The process of online data augmentation
adhara123007 opened this issue · comments
I wanted to understand the online process of data augmentation.
I give the network inputs in batches of 4. It applies transformation to the inputs. The parameters for augmentation are. The prob is 1, Does it mean that the network always applies a transformation and it is never the case that the network lets the original data pass through without the transformation?

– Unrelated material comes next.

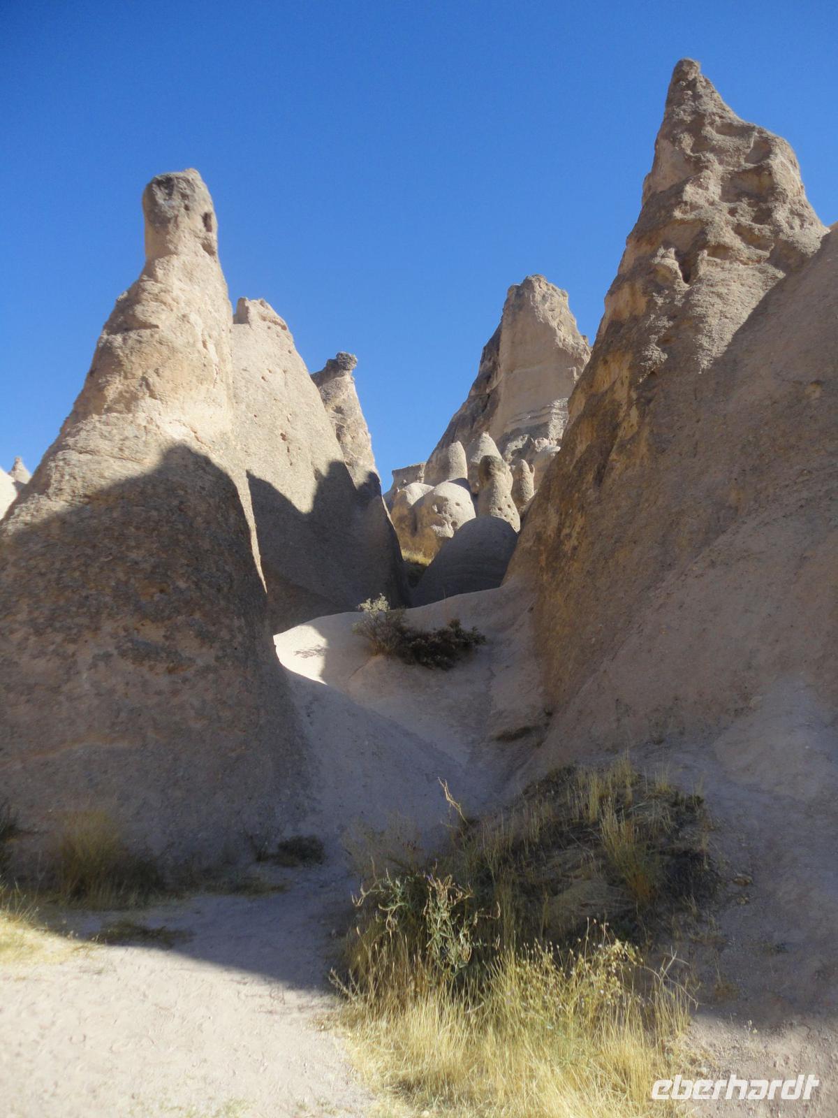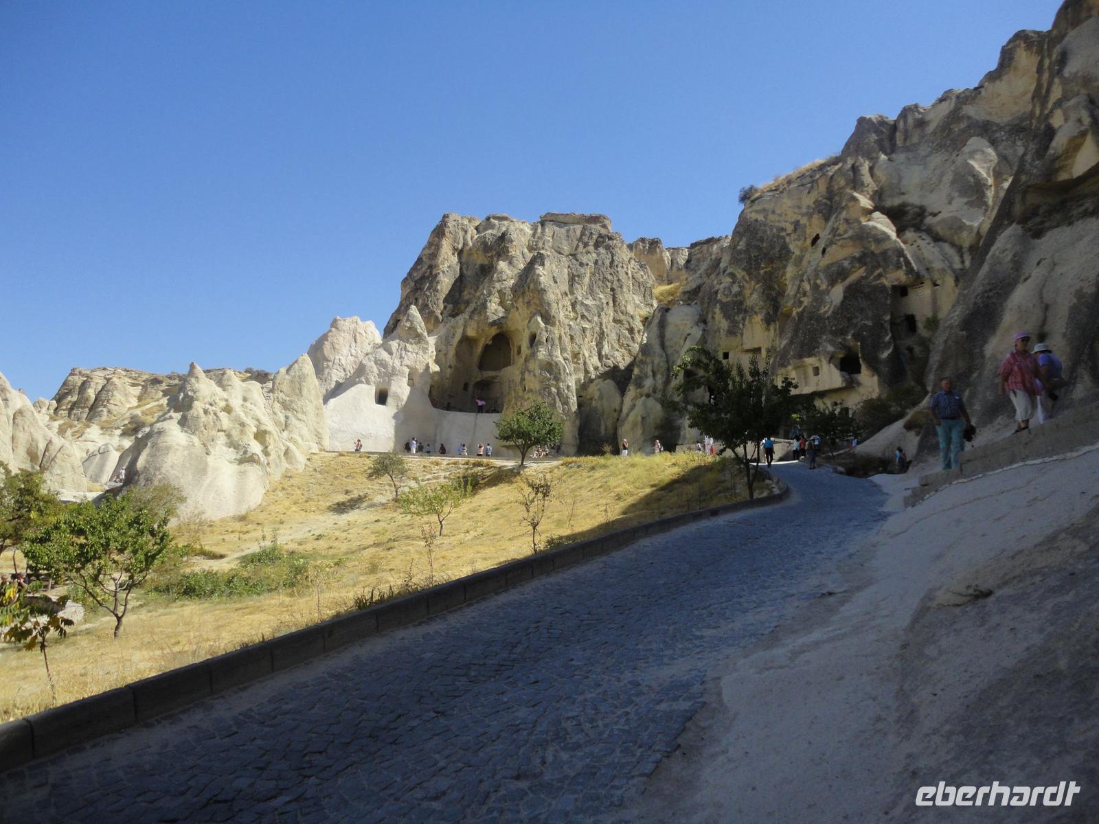 Unser Mittag nahmen wir in Uchisar ein, gleich im neben den Taubenschlägen gelegenen Bindalli Restaurant. Wir bekamen wieder ein üppiges und leckeres Büffet für 15 Lira. Anschließend hatten wir noch kurz Zeit, um spazieren zu gehen und die Taubenschluchten zu fotografieren.

Also, from the code below the uniform_bernoulli is same as bernoulli.
translate {
rand_type: "uniform_bernoulli"
exp: false
mean: 0
spread: 0.4
prob: 1.0
}
if (rand_type.compare("uniform_bernoulli") == 0) {
float tmp1;
int tmp2;
// Eddy:
// modified: a probability value of 0 will always return the default of prob0_value
tmp2=1;
if (param.prob() > 0.)
caffe_rng_bernoulli(1, param.prob(), &tmp2);
else
tmp2=0;
if(!tmp2) {
if (!isnan(prob0_value))
return prob0_value;
else
tmp1 = 0;
} else {
if (spread > 0.)
caffe_rng_uniform(1, param.mean() - spread, param.mean() + spread, &tmp1);
else
tmp1 = param.mean();
}
if (param.exp())
tmp1 = exp(tmp1);
rand = static_cast<Randtype>(tmp1);
}
Does it mean that the network always applies a transformation [...] ?
I think so, yes. I suggest testing it, though: just run 10k samples through the augmentation and check how many are the same before and after.